Having gone through this exercise for TOBuilt, and having commented on it on this site many times, I wish them luck. I did find the map they produced was wanting in a few respects, most notably in that there are blanks that are not covered by any neighbourhood definition. Almost every map I ever found that charted neighbourhoods did this - left out certain areas - and for my own purposes I need a map that covers the entire terrain of the city (since TOBuilt has structures that are not residential). Apart from that, a few observations, from things that I immediately check when I see maps of this type.
- I always look to see how North York Centre is handled. To my mind, there is indisputably a neighbourhood called "North York Centre" that is distinguishable from Willowdale, of which it was fomerly a part. This is really tricky, because NYC essentially forms the middle bit of Willowdale. But this map is rather bad at this - would anybody really claim that the former City Hall of North York is in Lansing, while Empress Walk, across the street, is in Willowdale?
- I also look to see how East York is handled, as it is also a difficult area for which to draw boundaries. True to form, there is a large swath of the former Borough (south of the river) that is simply "East York", while other parts of the former East York bear neighbourhood names. For TOBuilt, this did not work, and in East York more than most places, I "invented" some hoods, but they are defensible, I think mostly: Todmorden, Pape Village and East York Centre (this last one less defensible than others, given the East York City Centre up above the river, but what can you do?).

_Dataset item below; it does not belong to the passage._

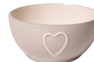
Cod: CK 048/To Des: Ciotola in ceramica cuore tortora Note: 12x12x6,5

- A third difficult area is the centre of the city - if we have a "Financial District", do we also have a "Downtown"? What is University Avenue up near the hospitals, and what is the upper Bay Street Corridor where the Government buildings are? Are Burano and Mozo in the same neighbourhood or not? I essentially invented "Downtown East" to divide these into two, using Yonge Street as the border, and have "Downtown" as being that strip along Bay and University, north of Dundas, but it is an unsatisfying solution to a difficult problem. On this map, they've declined to name large swaths of this area at all.
- Finally, TOBuilt's neighbourhoods conformed to the old city boundaries, because I also index all buildings on their former city, and it would be confusing or too much work to have parts of Cedarvale in the former York, and parts in the former Toronto. This map doesn't respect the old city boundaries, but I think that's fine, and the old boundaries are likely to have less and less meaning over time anyways (above all on that confusing border between York and everyone else). In this regard, it's probably TOBuilt's own definitions that are a bit retrograde, but I don't plan on changing them much.
I could make a million other comments about individual details on the map - like whether Yorkville is correct or if it should be a larger "Bloor Yorkville" that bleeds to south of Bloor, but there are too many to observe and I am sympathetic to their effort and don't want to nitpick them to death.
Also, as the article points out, such definitions are constantly shifting in time. I wish we were more like Sydney, where neighbourhood boundaries are determined by some higher authority and set in stone, and consequently used rather consistently. It's the classifier and organizer of data in me that longs for a higher power, some absolute authority, to dictate this. If it were me, nothing in Toronto would be a "village" at all, and Liberty would be "Liberty". Controlled vocabularies, indeed.